Silvana Amati 13/12/2013 - Valorizzare il sistema dei trasporti e della logistica regionale e rafforzare le reti infrastrutturali per favorire nuove occasioni di sviluppo per i nostri territori.

E' questo uno degli obiettivi della proposta di legge della senatrice del Partito Democratico Silvana Amati che istituisce dei "punti franchi" ad Ancona e Livorno, ribadendone il ruolo centrale nello sviluppo dell'economia del Paese. La proposta di legge è stata presentata, d'intesa con il gruppo Pd del Consiglio regionale delle Marche, questa mattina alle 11 ad Ancona.

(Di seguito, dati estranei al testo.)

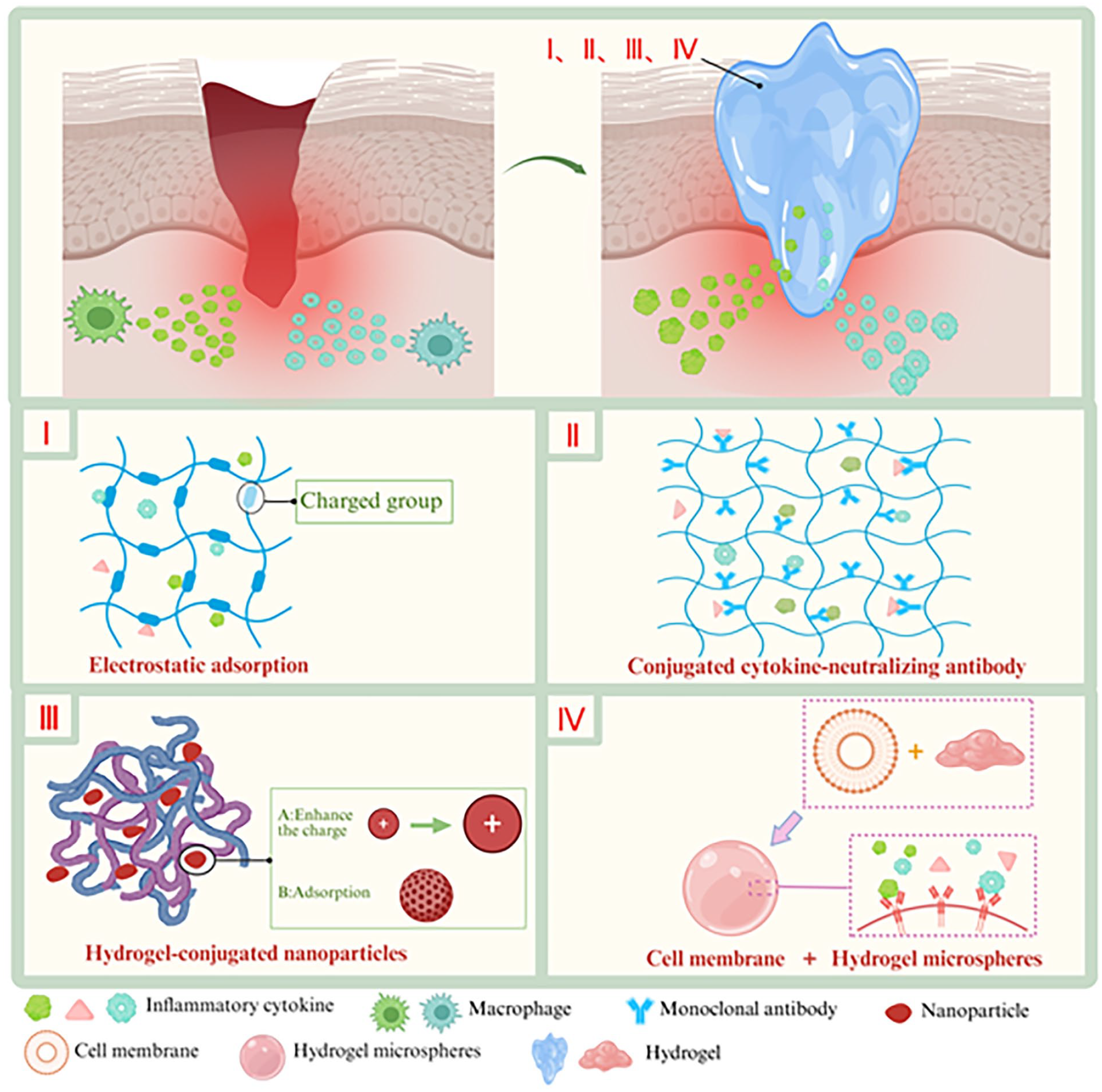 In view of the important role of inflammatory cytokines in diseases, the mechanisms by which hydrogels capture inflammatory cytokines are mainly divided into four types (Figure 1). First, hydrogels can capture and neutralize inflammatory cytokines through their physical properties. Most typical hydrogels contain glycosaminoglycan (GAG) ingredients, which utilize electrostatic interactions with inflammatory cytokines to capture inflammatory cytokines.31,32 Second, hydrogels can be conjugated with monoclonal antibodies to specifically capture and neutralize inflammatory cytokines, reducing the intensity of the inflammatory response, and improving the controllability, duration, and safety of biologics. 34 Third, the combination of hydrogels and cell membranes allows for broad-spectrum capture and storage of inflammatory cytokines. In addition, hydrogels can also participate in the regulation of inflammatory cytokines by binding to nanoparticles (NPs). 35 In summary, these strategies provide diverse approaches and potential clinical application prospects for the treatment of inflammation-related diseases.

"La presenza di punti franchi nelle aree portuali e interportuali - afferma Amati - vuole essere un'esperienza innovativa, che si propone di potenziare non solo gli scambi, favoriti dalla posizione strategica delle due aree individuate nell'ambito delle Reti Transeuropee di trasporto, ma anche l'attività produttiva dei bacini che su di esse insistono. L'idea che abbiamo - conclude - è quella di provare a predisporre un emendamento che già preveda nella legge sui porti l'introduzione di quanto contenuto anche nel testo sui punti franchi".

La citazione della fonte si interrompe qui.